(AVAILABLE DATA):
========================

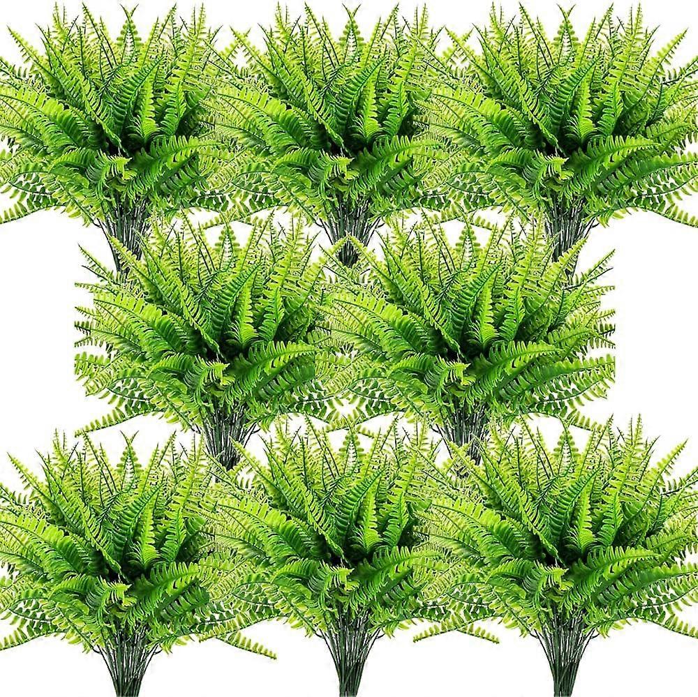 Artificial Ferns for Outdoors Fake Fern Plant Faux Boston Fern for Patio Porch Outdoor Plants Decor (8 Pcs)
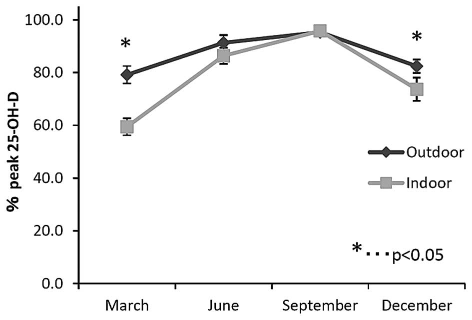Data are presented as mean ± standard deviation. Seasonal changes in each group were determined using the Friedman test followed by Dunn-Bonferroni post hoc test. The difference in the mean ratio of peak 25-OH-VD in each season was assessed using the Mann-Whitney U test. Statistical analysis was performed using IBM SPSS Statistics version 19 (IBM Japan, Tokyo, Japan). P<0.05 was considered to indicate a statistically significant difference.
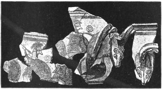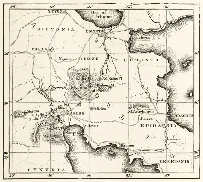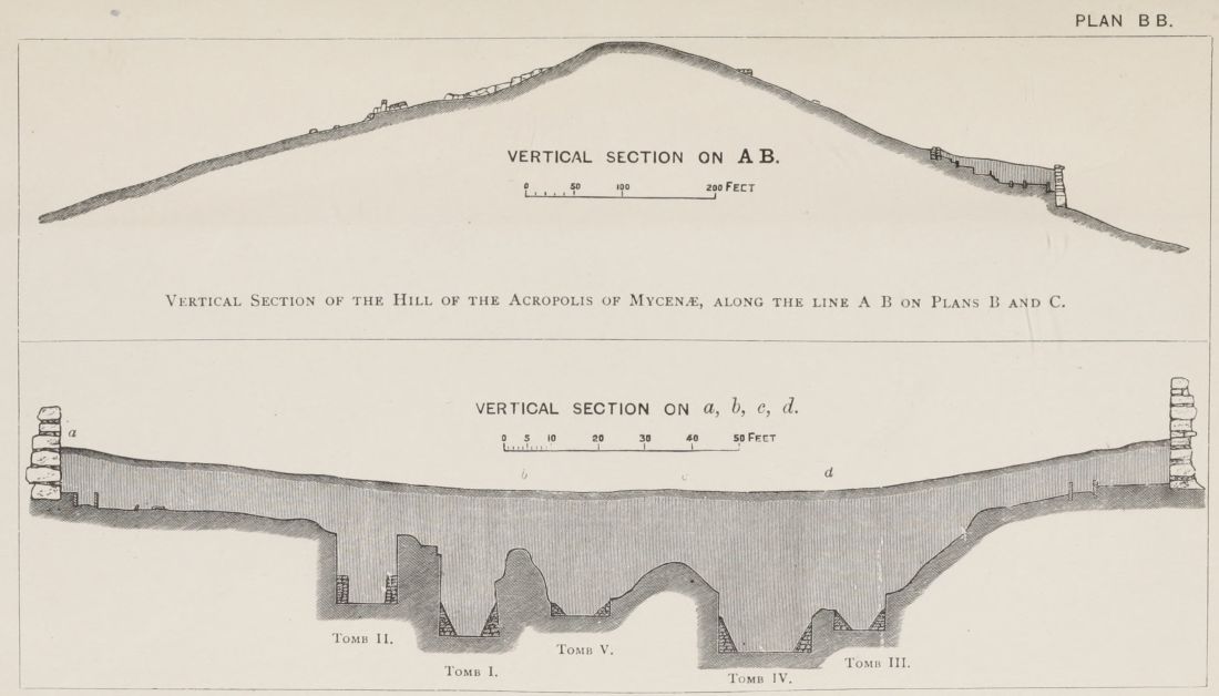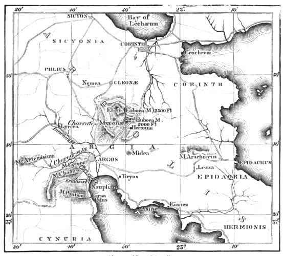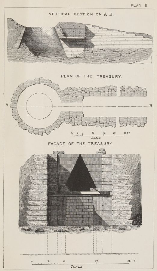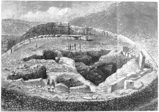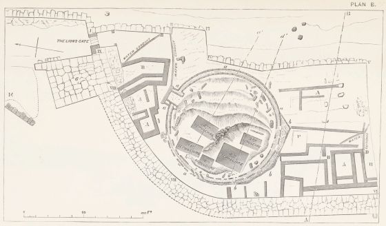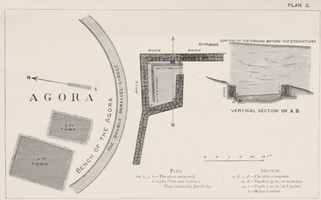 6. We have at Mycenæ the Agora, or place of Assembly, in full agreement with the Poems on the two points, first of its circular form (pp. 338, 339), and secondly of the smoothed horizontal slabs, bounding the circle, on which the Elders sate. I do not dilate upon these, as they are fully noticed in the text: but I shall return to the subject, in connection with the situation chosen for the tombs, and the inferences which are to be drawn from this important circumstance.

========================

(WHAT THE TASK ASKS): Write out exactly the lines above, from the very first through the line containing "Data are presented", both kept, with the pictures removed.

(WRITTEN RESPONSE):
 Artificial Ferns for Outdoors Fake Fern Plant Faux Boston Fern for Patio Porch Outdoor Plants Decor (8 Pcs)
Data are presented as mean ± standard deviation. Seasonal changes in each group were determined using the Friedman test followed by Dunn-Bonferroni post hoc test. The difference in the mean ratio of peak 25-OH-VD in each season was assessed using the Mann-Whitney U test. Statistical analysis was performed using IBM SPSS Statistics version 19 (IBM Japan, Tokyo, Japan). P<0.05 was considered to indicate a statistically significant difference.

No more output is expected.